A little over a year ago, a writer named Laura Stanfill interviewed me for her "Seven Questions Series" on her blog "Laura Stanfill. Writing. Reading. Community". It was a fun interview, and I enjoyed answering her questions on blogging and the difference between middle grade and YA fiction.
Fast forward 12 months. Laura is a visionary and had the idea to collect all her interviews, as well as invite other writers to pen what she calls "flash essays," and gather them together in book form. She decided that the focus would be on Oregon writers--of which there are many: this state is fertile ground for scribes. She also decided to set up her own publishing company, Forest Avenue Press, and print her books using some spiffy new technology, the Espresso Book Machine, located in the Purple Room at Powell's Books.
So it was that on Tuesday a whole bunch of us gathered giddily at Powell's to watch "our" book appear, literally hot off the presses.

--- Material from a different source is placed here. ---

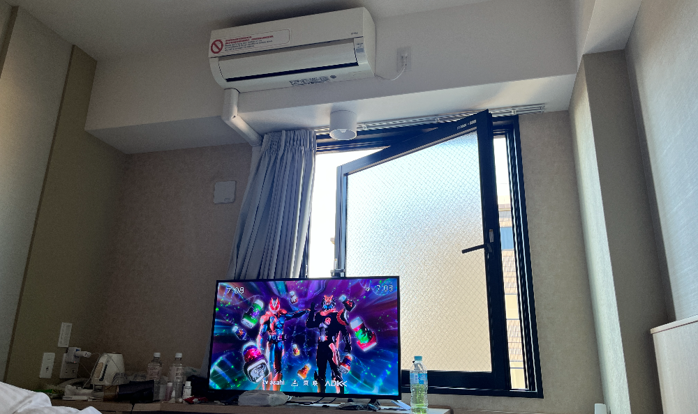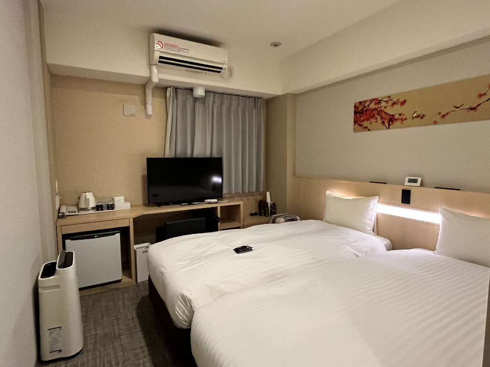 싱글 침대가 2개 있습니다. 방은 딱 사용할 만큼의 공간으로 구성되어 있었는데 일본 숙소들이 대부분 좁다고 들었기 때문에 그러려니 했습니다. 2박 연박을 했는데 생활하는데 괜찮았습니다. TV 한국 호텔들보다 작은듯했고, 짐을 올려놓는 테이블이 있었으면 하는 아쉬움이 있었습니다. 한 명은 TV 옆쪽으로 짐을 풀고, 한 명은 공기청정기 옆쪽으로 놓았습니다. 의자는 접이식과 소파형식의 작은 의자가 TV 아래쪽으로 놓여 있었습니다. 침대는 그럭저럭 편한 편이었습니다.
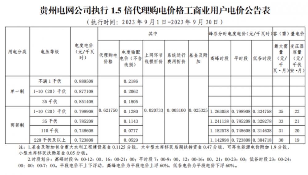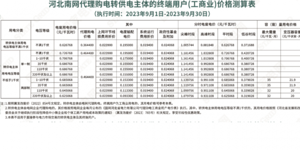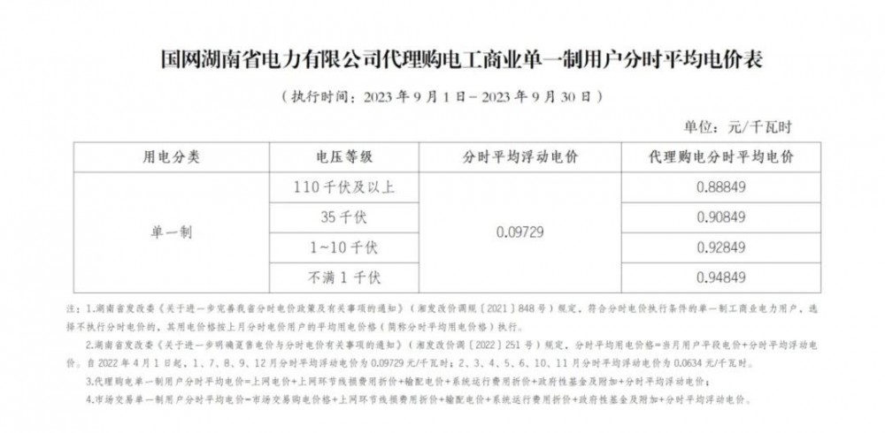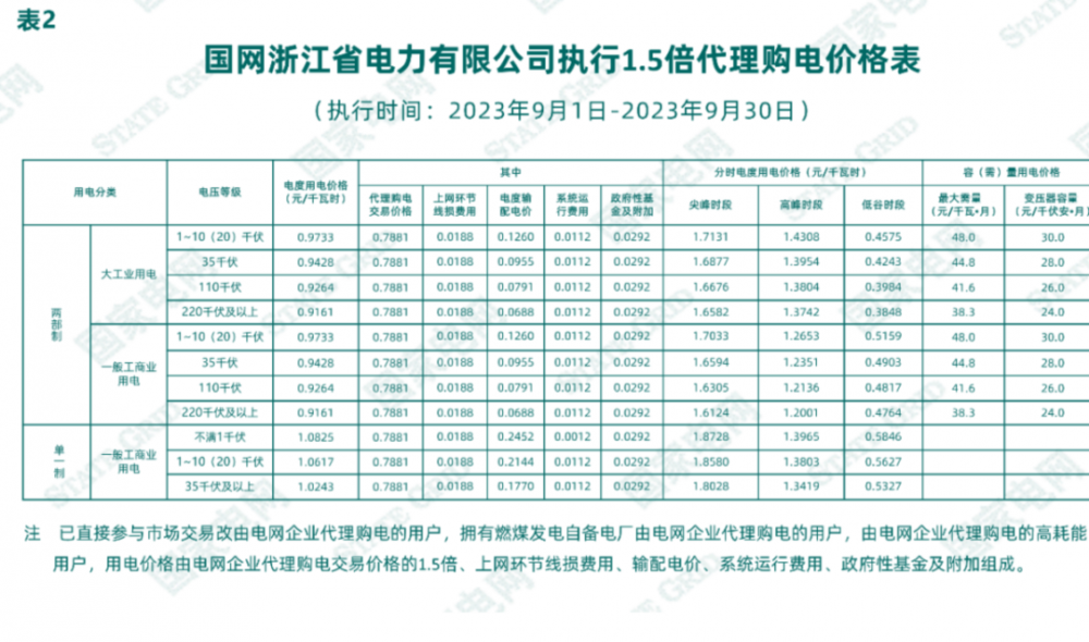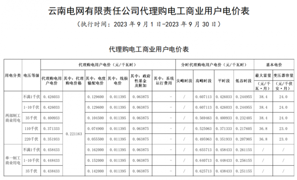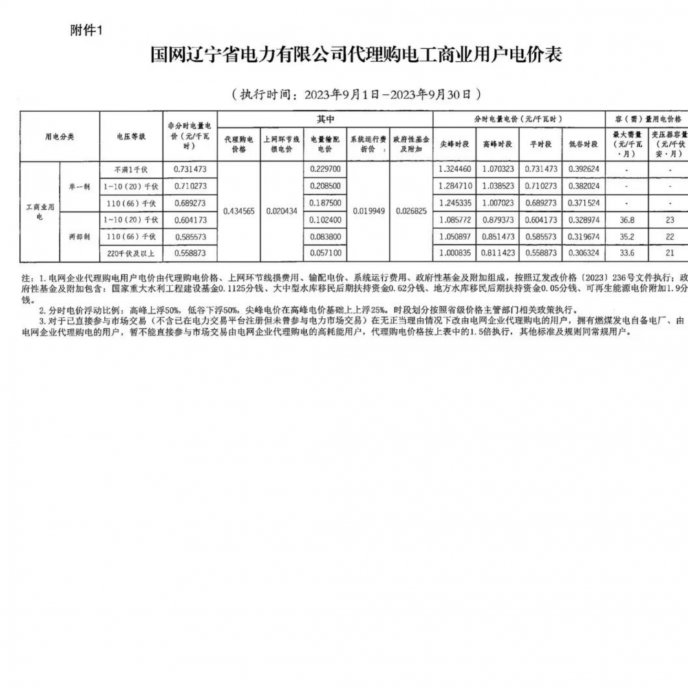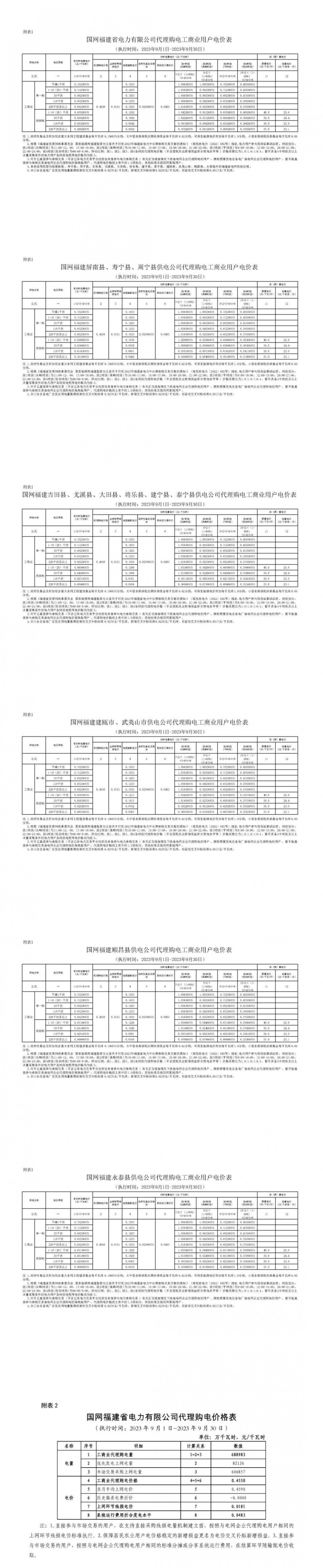 2023年9月各省最新電價(jià)(附表)

The cover, designed by Gigi Little, is beautiful--and there's some crazy good flash essaying going on between the covers. Laura has plans for readings and other promotions. A journalist in a former life, she is just amazing with her press releases, and has been a tremendous editor as well as an advocate for her writing "tribe." As she says in her Foreword:
"Oregon is full of writers who support one another. The forty two authors in this collection all live in the state or have roots here. They are novelists and journalists. They are essayists and travel writers and poets. They are funny, smart, sad, and wise. Some have been traditionally published. Some have been published by small presses or literary journals. Others are unpublished. And yet we all commit the same brave act--confronting the blank page every day. No matter what the cost, no matter what the outcome, we set our other obligations aside to write. And that's something to celebrate."
Thank you, Laura, for welcoming me into your "tribe." I got a great thrill seeing my name "on the page."